New Qualcomm CPU's Real World Performance is "Insane"

Qualcomm Snapdragon logoQualcomm impressed at the 2012 Consumer Electronic Show in January. At the show it talked about its transition down to the 28 nm node (via Taiwan Semiconductor new processes) and pushing Snapdragon 4 (S4) system-on-a-chip designs onto the market.

Developers' first taste of S4 will be delivered via the MSM8960 Mobile Development Platform (MDP), which will be distributed at the 2012 Mobile World Congress, which starts Feb. 27 in Barcelona, Spain. But AnandTech scored an early unit and has been busy benchmarking it.

How does the fourth generation Snapdragon fare? To quote AnandTech:

The CPU performance advantage... is insane.

The super-chip's performance comes, in part, thanks to the new Krait core, which is built on a licensed ARMv7 instruction set from ARM Holdings plc. (LON:ARM). The new core is similar, in some ways, to the ARM Cortex-A15 intellectual property core from ARM Holdings.

The configuration tested by AnandTech was the MSM 8960 MDP, a dual-core 1.5 GHz design. Quad-core and single-core variants will also be available. The cores onboard pack twice the L2 cache (1 MB) of their predecessor, a deeper 11-stage pipeline a 50% wider instruction decoder (3-wide), and twice the execution ports (7). The cores support out-of-order execution and 128-bit NEON instructions.

In certain math-heavy (e.g. Linpack) or cache-heavy benchmarks, the S4 more than doubles the scores of its closest competitors -- the Motorola Droid RAZR (1.2 GHz dual-core OMAP4430 from Texas Instruments, Inc. ) and the Galaxy S II (also OMAP4430), and the Galaxy Nexus (1.2 GHz dual-core OMAP4460). In browser benchmarks, the new S4 chip is 20-35 percent faster.

AnandTech summarizes:

These results as a whole simply quantify what we've felt during our use of the MSM8960 MDP: this is the absolute smoothest we've ever seen Ice Cream Sandwich run.

The on-die Adreno 225 GPU also receives a nice bump. While it does not dominate like the CPU, the transition to 28 nm allowed Qualcomm to squeeze Direct3D 9_3 and bump the clock speed to 400 MHz, up substantially from the 266 MHz Adreno 220.

The improvements allow the Adreno 225 to trade blows with the PowerVR SGX543 MP2 (Imagination Technologies Group plc. ) in Apple, Inc.'s (AAPL) iPhone 4S and ARM Holdings' Mali 400 in the Galaxy S II. In both cases, the Adreno 225 proves its mettle, offering performance that can match or beat the competition in some cases.

In its power benchmarks, AnandTech used the platform's built in power-measuring tools, the Trepn Profiler software.
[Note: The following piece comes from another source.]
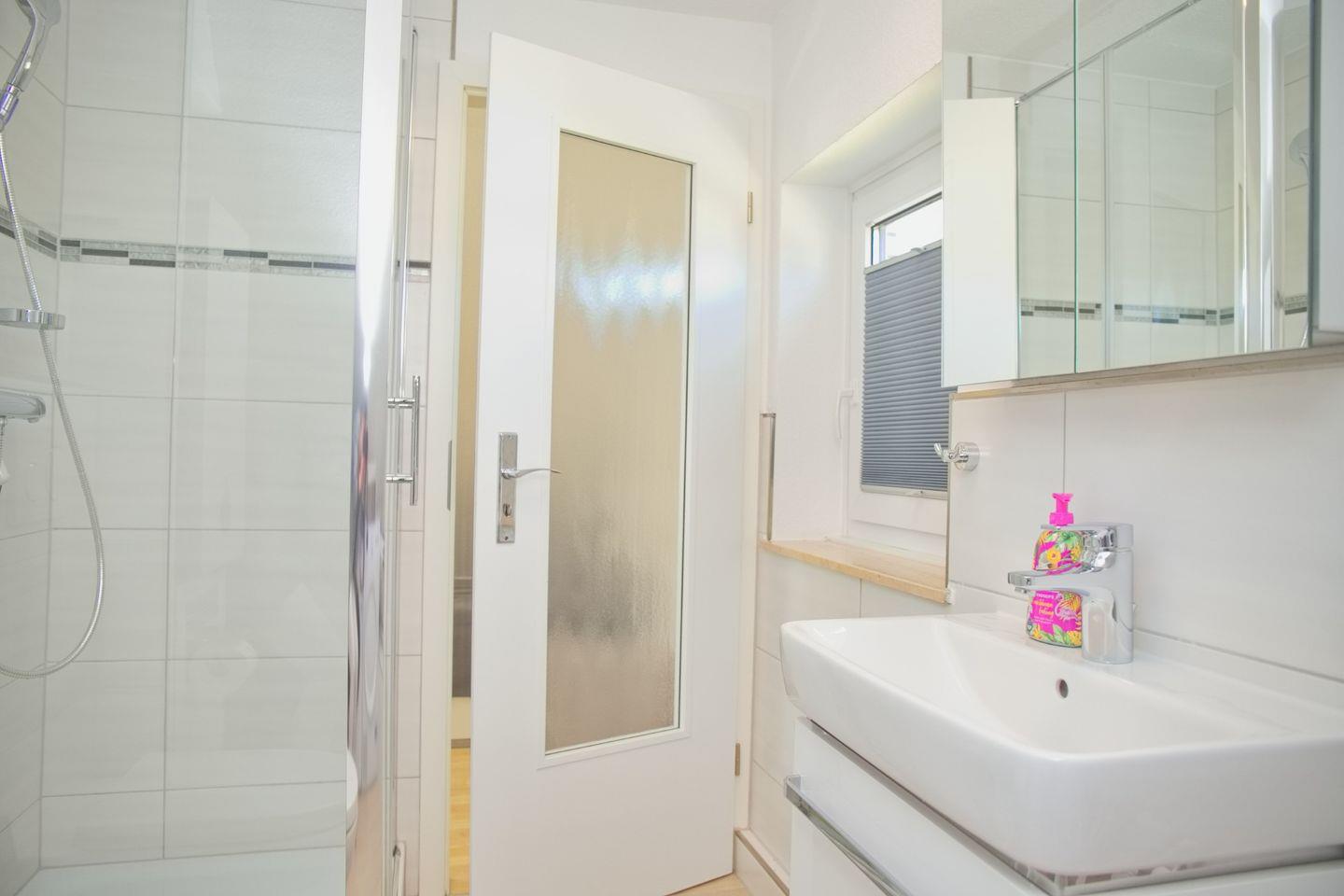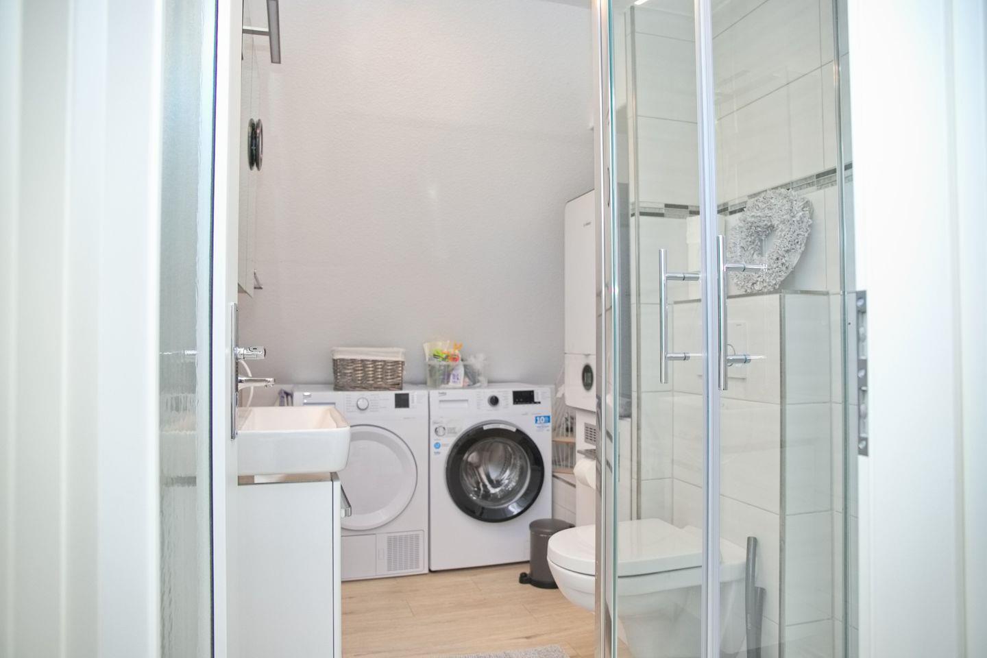 Zwei Badezimmer, die über Duschen, Waschbecken und WCs verfügen, bieten zusätzlichen Komfort im Urlaub. Für Ihre Wäsche stehen eine Waschmaschine, ein Trockner sowie ein Wäscheständer bereit, sodass Sie alles Notwendige in der Unterkunft selbst erledigen können.

The results showed that in periods of modest activity (e.g. web browsing) a single Krait core was used, with the second core and GPU only occasionally becoming activity. Power performance hovered around 400-750 milliwatts, with a peak consumption of about 750 milliwatts per core. Idle periods showed about 150 milliwatts.

During demanding GPU activity like games, the platform could suck down 800-1200 milliwatts.

The average Android cell phone has been a 1600 and 2000 milliwatt-hour battery, so this indicates that the phone is good for about 3-4 hours of web browsing and 1.5-2 hours of gaming. Again, this lower battery life is thanks to the development platform's larger 4-inch display, much as the iPhone's strong battery life is thanks to its small 3.5-inch display.

The development model was running Android 4.0.3.

Overall, the S4 is likely to see heavy pickup in Windows Phone models. It also could potentially win business from Samsung Electronics Comp., Ltd. (KS:005930), who experimented with the S3 in some of its Galaxy S II models.